When the executive order was issued by President Roosevelt, Lieutenant General John L. DeWitt issued a curfew for Japanese Americans. Then, in the span of 6 months, 122,000 Japanese-Americans were forced to move to an assembly center and then to relocation centers, better known as internment camps.
The internment camps were not in the best conditions. Most of the time the people lived in a room with a cot and stoves that only used coal. All of the residents used communal bathrooms and laundry machines. The camps were surrounded by barbed wire and had guards that were on the other side, all armed with guns.
Our anonymous source was put into the camps as a little girl. She was put into the camps with her mother, father, and grandparents, along with her siblings.
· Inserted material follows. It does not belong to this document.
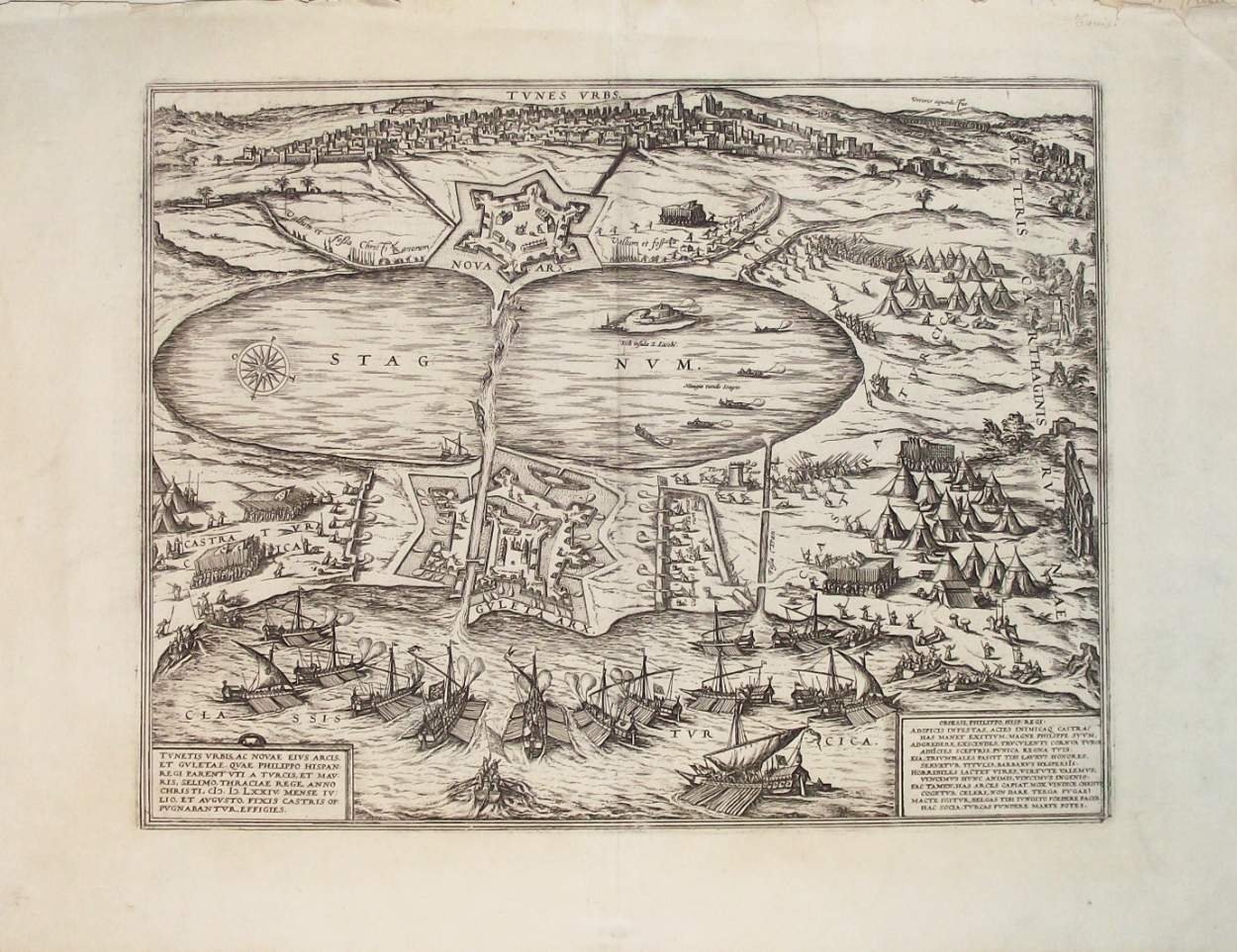 >Incisione all'acquaforte su doppia pagina (mm320x420 più ampi margini bianchi), in bianco e nero. L'opera costituì il primo atlante organico al mondo, con 303 planimetrie e vedute di città di Europa, Africa e Asia nel XVI secolo, ornate da stemmi ed animate da personaggi. Tiratura originale. Cfr. Koeman, Atlantes Neerlandici, vol. II, pp.10-25, B.-H.

She began talking about her memories of her father and grandfather being taken before the rest of her family. At the time, they had not received U.S. citizenship and were classified as Japanese immigrants. The two moved from camp to camp about every week, and after three weeks, the rest of her family—including herself—were taken to the Poston War Relocation Center in Arizona. She recounted that “Poston was one of the larger camps. There were three sections and over 17,000 people among the three camps.”
She would often speak with her mom about the camps. She said, “I asked my mom once about how she felt about being uprooted…The attitude was [that] the government tells you, you have to go, you obey, it’s the law.”
After they were told to move, they went to different places. Some were sent to California and a few to Arizona. This all happened in the span of two weeks.
She also remembers that life kept moving on, pools and churches were built in the camps and the children played and went to school. She also talked about going through preschool and kindergarten as a girl living there, saying, “people built. They took supplies from whatever the government had sitting around.”
After she and her family were released, they refused to discuss the topic. She thinks her family not talking about the situation helped the healing process. “We are a generation of people [who] don’t know a whole lot just because we just didn’t talk about things,” she said.
After the release of their family, neighbors, and friends helped them sell crops they grew because most companies would not take the harvest from Japanese families willingly. After selling their produce to others, her household would take them to market and return with the profits so they could make a living without facing racism from the community.
Her mother also didn’t want her and her brothers to start school because of the bullying they may face. The time period when they were released from the internment camps was right at the end of the school year, and their mother felt it wasn’t wise to put them in so close to the end of the year.
She briefly mentioned meeting people in college who had a different experience than her with the camps. “I have since met people who lived in different places who had very different experiences and my own peers who were very bitter about their own experiences, but I guess I have my family to thank for not having given us that kind of bias,” she said.
It’s important to note that her story is different from everyone else in the camps and not to assume that her experience is like everyone else’s.
To this day, she remains living a healthy and happy life and does not allow the trauma of her earlier experiences to affect her and the quality of her life now.